**Goal of the exercise:** Please give back word for word the lines of the material below between the line containing "Ce majestueux chat" and the line containing "據(jù)網(wǎng)絡(luò)平臺", inclusive.

**Data extracts:**
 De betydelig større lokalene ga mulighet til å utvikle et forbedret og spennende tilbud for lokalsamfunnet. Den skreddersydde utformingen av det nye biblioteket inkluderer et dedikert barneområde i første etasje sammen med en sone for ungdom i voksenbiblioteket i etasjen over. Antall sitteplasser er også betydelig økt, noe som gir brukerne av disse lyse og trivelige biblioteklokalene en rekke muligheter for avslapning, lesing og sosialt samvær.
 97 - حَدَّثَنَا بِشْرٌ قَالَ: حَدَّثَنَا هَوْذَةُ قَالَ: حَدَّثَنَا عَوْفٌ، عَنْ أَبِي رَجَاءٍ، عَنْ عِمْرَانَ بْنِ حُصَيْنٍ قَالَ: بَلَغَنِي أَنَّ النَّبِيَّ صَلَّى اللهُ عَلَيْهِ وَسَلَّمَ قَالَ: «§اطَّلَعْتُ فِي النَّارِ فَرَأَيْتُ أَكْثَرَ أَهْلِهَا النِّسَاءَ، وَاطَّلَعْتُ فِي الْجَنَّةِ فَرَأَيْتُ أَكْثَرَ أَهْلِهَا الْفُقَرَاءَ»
==
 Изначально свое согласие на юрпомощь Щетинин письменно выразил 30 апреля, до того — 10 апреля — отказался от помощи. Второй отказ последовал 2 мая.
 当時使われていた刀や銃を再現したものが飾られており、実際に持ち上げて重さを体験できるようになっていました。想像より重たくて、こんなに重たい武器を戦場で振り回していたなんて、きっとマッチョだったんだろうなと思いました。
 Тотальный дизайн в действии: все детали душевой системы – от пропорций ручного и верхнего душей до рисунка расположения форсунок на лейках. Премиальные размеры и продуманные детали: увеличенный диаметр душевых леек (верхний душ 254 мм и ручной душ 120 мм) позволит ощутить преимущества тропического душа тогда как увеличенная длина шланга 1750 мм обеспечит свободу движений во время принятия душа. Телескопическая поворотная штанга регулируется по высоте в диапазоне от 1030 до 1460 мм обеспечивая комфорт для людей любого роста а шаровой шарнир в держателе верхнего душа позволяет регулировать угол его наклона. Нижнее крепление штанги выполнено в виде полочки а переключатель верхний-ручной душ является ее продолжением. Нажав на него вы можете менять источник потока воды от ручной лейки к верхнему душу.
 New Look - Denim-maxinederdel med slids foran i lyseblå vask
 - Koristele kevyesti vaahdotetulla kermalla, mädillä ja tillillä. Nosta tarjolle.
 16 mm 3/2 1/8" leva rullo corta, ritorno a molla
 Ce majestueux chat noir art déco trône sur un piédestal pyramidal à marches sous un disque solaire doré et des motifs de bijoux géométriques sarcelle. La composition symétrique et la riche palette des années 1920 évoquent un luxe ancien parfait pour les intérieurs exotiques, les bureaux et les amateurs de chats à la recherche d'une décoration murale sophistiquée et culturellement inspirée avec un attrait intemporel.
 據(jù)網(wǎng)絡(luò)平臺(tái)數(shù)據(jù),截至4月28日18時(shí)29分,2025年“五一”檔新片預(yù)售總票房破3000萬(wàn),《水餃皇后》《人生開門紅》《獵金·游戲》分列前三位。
==
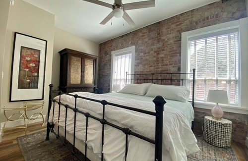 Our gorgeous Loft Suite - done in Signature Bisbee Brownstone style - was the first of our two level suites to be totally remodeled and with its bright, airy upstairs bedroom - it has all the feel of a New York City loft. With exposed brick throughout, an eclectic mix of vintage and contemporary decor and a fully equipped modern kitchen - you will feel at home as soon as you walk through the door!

**Reply to the exercise:**
 Ce majestueux chat noir art déco trône sur un piédestal pyramidal à marches sous un disque solaire doré et des motifs de bijoux géométriques sarcelle. La composition symétrique et la riche palette des années 1920 évoquent un luxe ancien parfait pour les intérieurs exotiques, les bureaux et les amateurs de chats à la recherche d'une décoration murale sophistiquée et culturellement inspirée avec un attrait intemporel.
 據(jù)網(wǎng)絡(luò)平臺(tái)數(shù)據(jù),截至4月28日18時(shí)29分,2025年“五一”檔新片預(yù)售總票房破3000萬(wàn),《水餃皇后》《人生開門紅》《獵金·游戲》分列前三位。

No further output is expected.